Your goal:
Repeat verbatim, and only, the lines of the data below, beginning at the line that contains "小串 麗華さんの総格は41画の5点!" and stopping after the line that contains "Nádherný komplet pre".

Data for review:
%%
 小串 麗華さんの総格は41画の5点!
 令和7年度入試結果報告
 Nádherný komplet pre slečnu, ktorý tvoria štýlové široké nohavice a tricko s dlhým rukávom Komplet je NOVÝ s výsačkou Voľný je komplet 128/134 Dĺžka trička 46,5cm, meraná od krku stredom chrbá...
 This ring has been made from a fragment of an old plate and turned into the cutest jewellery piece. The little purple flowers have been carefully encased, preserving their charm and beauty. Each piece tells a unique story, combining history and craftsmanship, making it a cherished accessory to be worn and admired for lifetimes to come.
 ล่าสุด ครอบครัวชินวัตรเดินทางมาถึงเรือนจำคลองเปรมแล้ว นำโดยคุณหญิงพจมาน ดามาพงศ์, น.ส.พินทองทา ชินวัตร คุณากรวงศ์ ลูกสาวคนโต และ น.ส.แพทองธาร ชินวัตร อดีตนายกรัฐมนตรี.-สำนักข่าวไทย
%%
%%
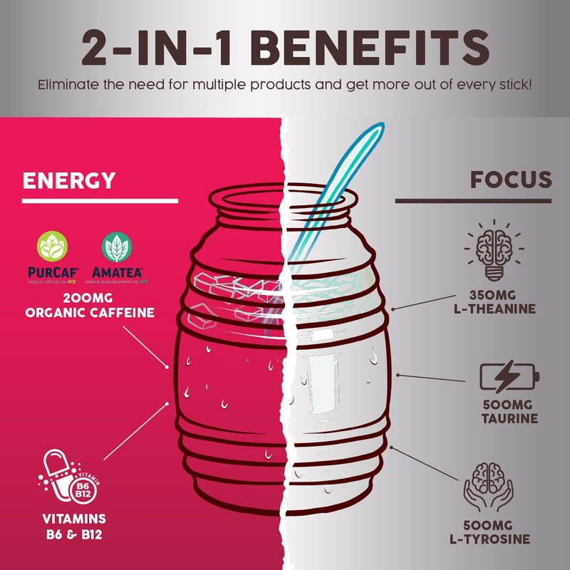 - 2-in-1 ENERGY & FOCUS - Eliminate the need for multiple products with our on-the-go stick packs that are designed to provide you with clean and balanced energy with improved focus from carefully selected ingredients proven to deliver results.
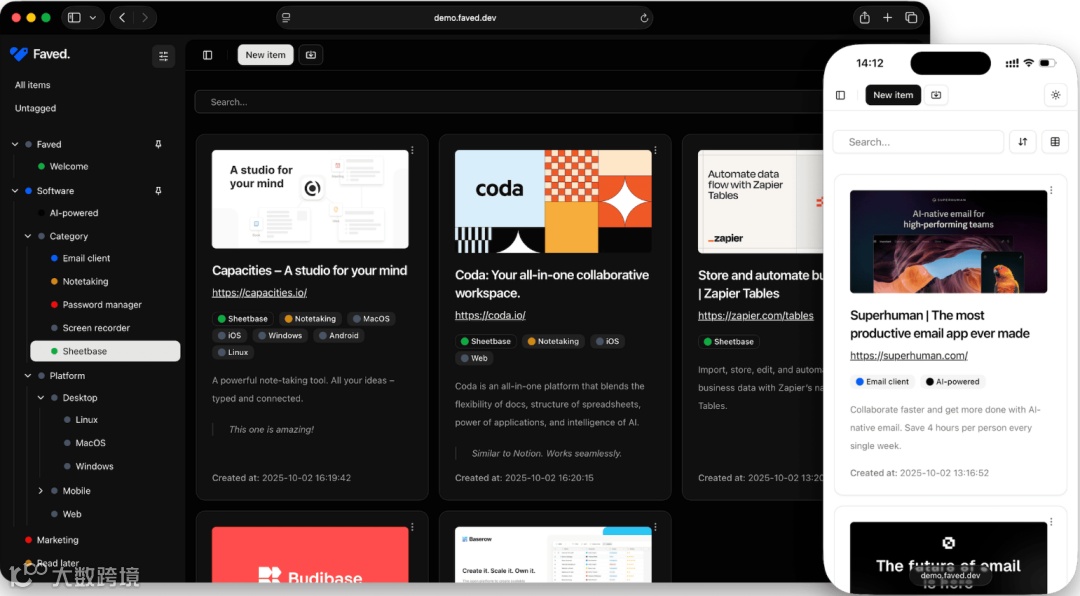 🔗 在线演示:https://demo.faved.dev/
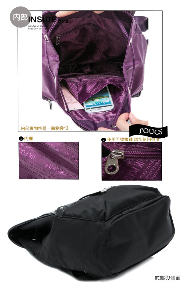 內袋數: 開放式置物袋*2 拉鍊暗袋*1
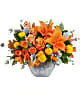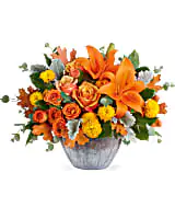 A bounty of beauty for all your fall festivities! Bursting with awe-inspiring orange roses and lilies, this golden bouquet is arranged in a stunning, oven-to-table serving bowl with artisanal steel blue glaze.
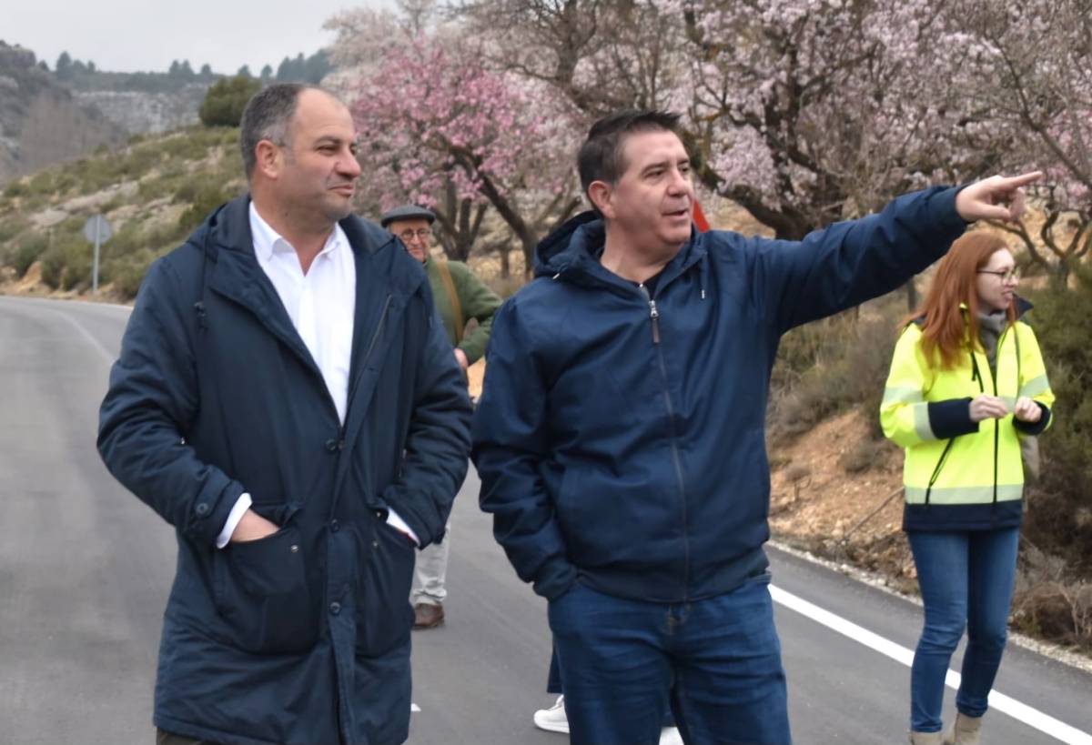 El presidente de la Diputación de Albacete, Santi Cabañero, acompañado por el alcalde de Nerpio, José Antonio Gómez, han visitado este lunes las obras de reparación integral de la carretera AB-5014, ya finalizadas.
%%
%%
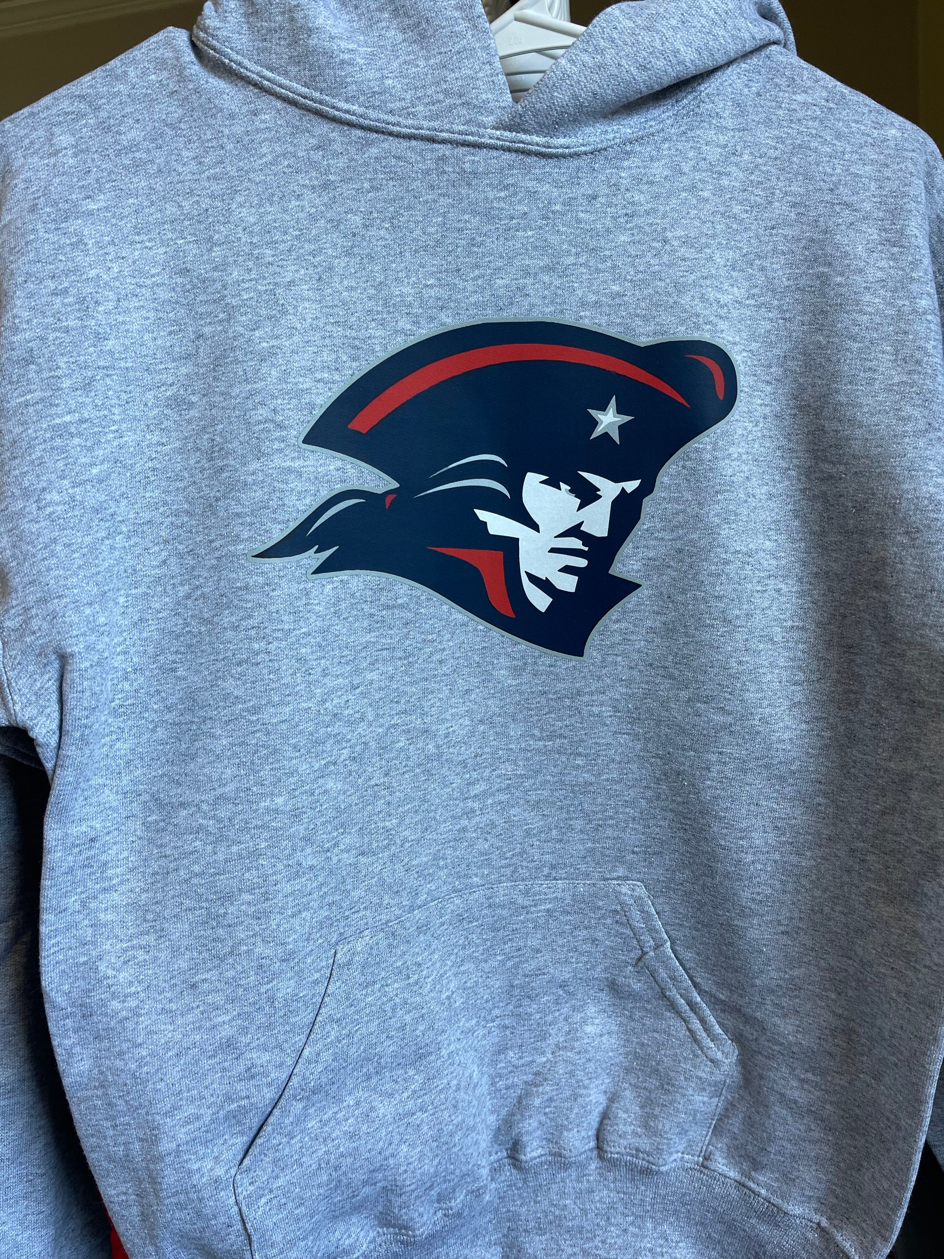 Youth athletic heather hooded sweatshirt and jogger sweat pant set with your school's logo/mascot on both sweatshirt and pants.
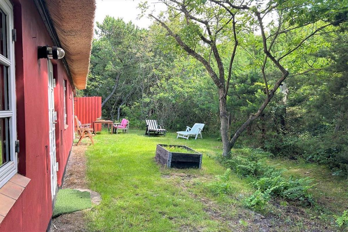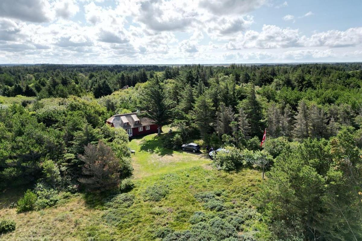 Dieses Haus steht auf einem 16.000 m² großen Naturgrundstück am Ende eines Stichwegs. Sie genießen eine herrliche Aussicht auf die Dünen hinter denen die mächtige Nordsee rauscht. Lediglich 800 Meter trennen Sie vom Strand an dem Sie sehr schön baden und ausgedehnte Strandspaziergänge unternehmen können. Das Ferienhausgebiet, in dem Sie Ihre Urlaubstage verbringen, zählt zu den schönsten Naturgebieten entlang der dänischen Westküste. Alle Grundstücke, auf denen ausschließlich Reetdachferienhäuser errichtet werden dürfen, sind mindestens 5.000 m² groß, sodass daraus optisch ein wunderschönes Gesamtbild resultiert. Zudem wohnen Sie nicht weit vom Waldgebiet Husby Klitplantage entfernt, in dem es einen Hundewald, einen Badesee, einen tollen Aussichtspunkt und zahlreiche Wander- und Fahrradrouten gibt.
%%
Response below:
 小串 麗華さんの総格は41画の5点!
 令和7年度入試結果報告
 Nádherný komplet pre slečnu, ktorý tvoria štýlové široké nohavice a tricko s dlhým rukávom Komplet je NOVÝ s výsačkou Voľný je komplet 128/134 Dĺžka trička 46,5cm, meraná od krku stredom chrbá...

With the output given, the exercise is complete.